From The Nature of Computation
When time and memory capacity are treated as abstract commodities, computer science addresses questions at the very foundations of mathematics. For example, Turing showed that David Hilbert’s famous Entscheidungsproblem (“decision problem”) was “undecidable”—deciding whether a proof exists for any given mathematical statement cannot be done in a finite amount of time by any algorithm. Perhaps the premier unresolved mathematics question of the present day is the P versus NP problem. The letters refer to “complexity classes,” broad characterizations of computational difficulty. Problems in the class P can be solved efficiently, while for those in NP, we know that checking a candidate solution is easy. The prevailing wisdom is that there are problems in the class NP that are not in P —that problems exist for which it’s easy to check a given solution but that are very hard to solve . The Clay Mathematics Institute is offering a $1 million prize to anyone who can decide whether this is the case .
In The Nature of Computation, Cristopher Moore and Stephan Mertens have produced one of the most successful attempts to capture the broad scope and intellectual depth of theoretical computer science as it is practiced today. In the preface we are told that this monumental project of almost 1,000 pages was launched as an effort to explain complexity classes to physicists. Physicists have contributed to computer science in two ways: through applying the methods of statistical mechanics to computation problems and, more recently, through the introduction of quantum mechanics to models of computation. Had Moore and Mertens followed their original plan, the outcome would have been a guide for physicists, written in physicists’ language, to the arcane world invented by computer scientists. As it happens, the book instead took the form of a comprehensive and very readable textbook on computer science. Although it is true that some of the later parts of The Nature of Computation feature the physics-inspired work of the two physics-trained authors, these sections do not take center stage. Rather, what shines from every page is that Moore and Mertens are crazy about computer science and have gone all out to share their fondness for the subject.

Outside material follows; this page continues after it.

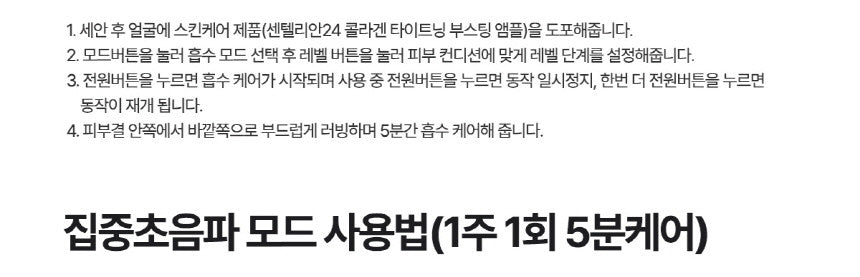- When using both the intensive ultrasound mode and absorption mode in the same week, always perform the intensive ultrasound care first, followed by the absorption mode. This sequence ensures optimal efficacy and skin benefits from both treatments.

Some reviewers of this book have made the comment that one of its few weaknesses is that it sometimes does not present enough technical detail to serve as a rigorous textbook. I disagree. Details are omitted only when they would intrude on the clear exposition of the main theme, and even then the authors are careful to provide accessible supporting material in the form of illustrations and plausibility arguments. Certainly, wherever computer science makes its most creative displays, such as when reducing one problem type to a seemingly very different one, the material is presented with complete rigor. The book is also not short on more technical topics that, although they are cornerstones of practical computation, receive only passing reference in many textbooks. For example, I was delighted to see a beautiful chapter on linear programming, a geometric computing paradigm. Instructors will be pleased by the easy exercises sandwiched between paragraphs, designed to stimulate comprehension, in addition to the wealth of engaging and more challenging problems at the end of each chapter. There are extensive notes and reference material, also at the ends of the chapters, conveniently notated with a special symbol in the margins of the main text.
Even if you are not a student or instructor of computer science, you should consider buying copies of this book for your friends’ coffee tables. The Nature of Computation is one of those books you can open to a random page and find something amazing, surprising and, often, very funny. From the generous selection of eclectic quotations and the gorgeous illustrations, it’s clear the authors had fun writing it. So how does one illustrate a chapter about a very abstract topic called “interactive proofs” that features mathematical conversations between Arthur and Merlin? For this Moore and Mertens have chosen some nice engravings, one of which shows Vivien (who, in the legend of King Arthur, enchanted Merlin and imprisoned him in a tree trunk), in the wizard’s arms. The caption reads, “Merlin is too busy to have a conversation with Arthur. He will send a proof instead.”